Although the collaborative defined possible learning outcomes within specific disciplines, it has defined only one domain-wide outcome to date:

Students will learn to use reason and imagination to enter a broader world of cultures, groups and ideas.

Current Status

The group will resume work on Task 1 this fall.

Natural Sciences and Mathematics

Learning Outcomes

The collaborative refined learning outcomes approved by the faculty in Fall 02 to state that students in natural science/math LAF courses will:

  • Recall, comprehend, and apply appropriate disciplinary content, as defined by the individual departments, with an understanding of the limitations of science and math.
  • Understand science and math as a systematic and creative activity and not a static body of knowledge.
  • Express scientific and mathematical ideas using discipline-appropriate language.
  • Appreciate the usefulness and relevance of science and mathematics as organized ways of learning.

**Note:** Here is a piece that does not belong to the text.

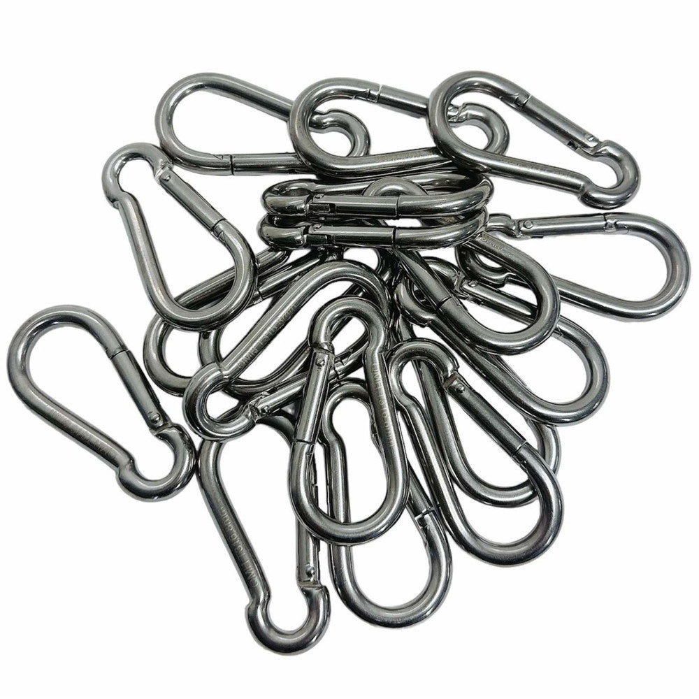 T316 Stainless Steel 5/16" Carabiner Spring Snap Hook Marine 280 Lbs WLL 20 Pcs

Classroom Assessment Techniques

The collaborative identified a pre- and post-course attitude survey designed by Mike Zeilik of the University of New Mexico and decided to use it across all courses with only the subject name (e.g. physics, biology, etc.) being changed.
The pretest was piloted in some courses at the beginning and end of the Spring 2004 semester.  Evaluation is forthcoming.

The collaborative has found some preliminary rubrics for assessing lab reports.

Current Status 

The collaborative will resume its work this fall by analyzing last term’s survey data.  Because it focused on student learning outcomes last year, it will turn its attention to best practices this year.

Social and Behavioral Sciences

Learning Outcomes

This collaborative is still struggling to find common learning outcomes across the social and behavioral sciences.  Each department conducted some assessment across sections of each discipline.  For example, Economics asked students in two sections of Macro Economics and one section of Micro Economics to read articles and address a set of questions that would reveal their familiarity with disciplinary methods. Sociology asked all of its SOC 121 (Introduction to Human Society) students to explain the main ideas of three theoretical perspectives and demonstrate how each applies to a selected article.   There is not yet a consistent approach to assessment across the domain.

Current Status

The collaborative will resume its quest for domain-wide learning outcomes this fall.

Core Skills

Effective Writing/Many Voices Project

Description     

Effective Writing is a core skill required for graduation.  The course is charged with explicitly introducing the theme of diversity through the Many Voices Project, a common text that all students enrolled in the course in a given year must read and write about.  We hope to augment the Project by asking others on campus to read the book and refer to it/schedule programming on it in other courses and co-curricular programming.

Learning Outcomes

Learning outcomes have been established for quite some time.  This year they were revised to include explicit attention to diversity.  Learning outcomes are:

1. By the end of the term students will demonstrate in writing done both in class and out of class, the ability:

  • To use a variety of methods to generate ideas
  • To discover and develop a thesis statement
  • To organize material using the methods appropriate to purpose, content, and diverse audiences
  • To use basic methods of coherence and transition
  • To write papers relatively free of errors in spelling, punctuation, and grammar

2. Students will successfully complete a research assignment.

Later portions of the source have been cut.